Surprisingly, sunset on U Bein bridge looks differently by each person and from day to day. Some can catch the fierce color of orange and some can catch the vivid color of red or purple. U Bein bridge at sunset becomes the symbol of not only Mandalay but of Myanmar by this reason. During the dry season, the water level on Taungthaman Lake is low, making the U Bein bridge looks as tall as a thin man. Once the rainy season comes, water level raises up to the planks of the bridge. It is a good idea to avoid the rainy season in Mandalay to visit U Bein bridge because you will be likely to catch a rain in the day.
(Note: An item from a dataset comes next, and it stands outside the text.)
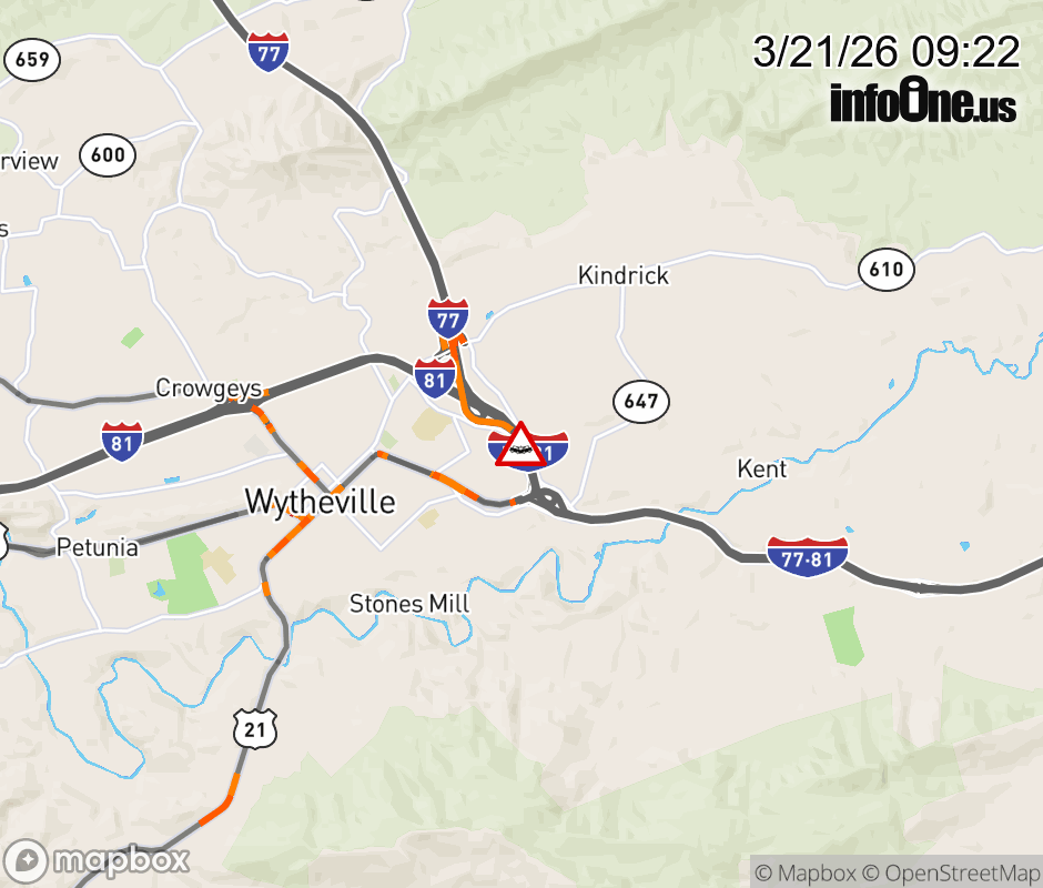 On I-81 at mile marker 73.5 in the County of Wythe, motorists can expect delays due to a tractor trailer crash. The north right shoulder is closed. Updated: Sat 3/21/26 9:22 AM EDT ![]() Updated: Sat 3/21/26 9:22 AM EDT |

As the above part has stated, the best time in the day to visit U Bein bridge is at sunset time, when the bridge looks the most striking. However, taking a stroll on U Bein bridge in the early morning is also another brilliant way to enjoy the fullest beauty of it. Coming here at sunrise, you can have the opportunity to watch the town slowly wake up; and local people busily going to work and commuting through the bridge. You will definitely be able to capture plenty of simple and unique moments of the daily life at this time of the day.